Will This Be the Year of the Branded Cybercriminal?

Threat actors will continue to grow enterprise-style businesses that evolve just like their legitimate counterparts.

All businesses evolve and adapt to their environments. Businesses in the Dark Web are no exception. In the burgeoning and nearly unpoliceable business climate that is the Dark Web, it’s only natural that businesses should become more “professional” — both in their revenue models and in their practices. We saw this happen in 2019 and expect even greater movement in this direction in 2020.

The “Servitization” of the Dark Web
Making money from stolen personal credentials via the Dark Web is pretty much de rigueur for would-be cybercriminals. Yet in the past, this process involved significant effort for the cybercriminal-to-be.
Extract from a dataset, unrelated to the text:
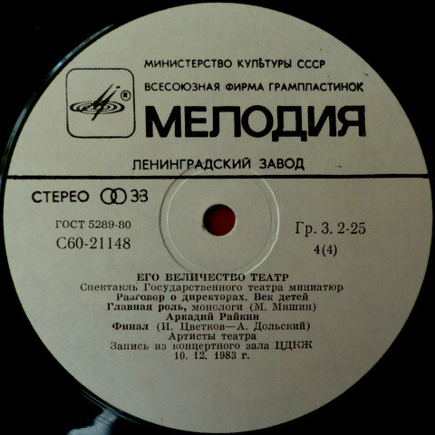 - Words By, Performer, Voice Actor – А. Райкин* (tracks: A2, B2)

First, criminals needed to code or acquire a Trojan to use for infecting online banking portals or payment systems. Then they’d have to disseminate their malware and infect targets. Following the infection, they’d need to access all infected machines, harvest relevant data, and process it. Only then could they begin cashing out — selling stolen credentials or data via the Dark Web.

This process is now becoming astoundingly less complex — and infinitely more dangerous.

Servitization is the process of shifting from selling products to selling services that provide the outcomes those products deliver. This shift has transformed many above-board business models, and this same process will continue to spread across criminal networks this year and beyond. Today’s cybercriminals are already buying and selling services rather than goods in the cybercrime financial ecosystem — and this trend will accelerate.

This means that threat actors no longer need to suffer the complexities of development, infection, extraction, and monetization on their own. Rather, they can use malware-as-a-service (MaaS) — the same malware that was previously sold as a product is now being sold as a business service.

Numerous underground markets have already sprung up around this business model. For example, today there are markets on the Dark Web where cybercriminals can pay a monthly fee for access to an updated dataset maintained by threat actors. There are also pay-per-bot markets, in which buyers can view “bots” — machines infected with banking Trojans — that can conduct services and attain credentials on demand.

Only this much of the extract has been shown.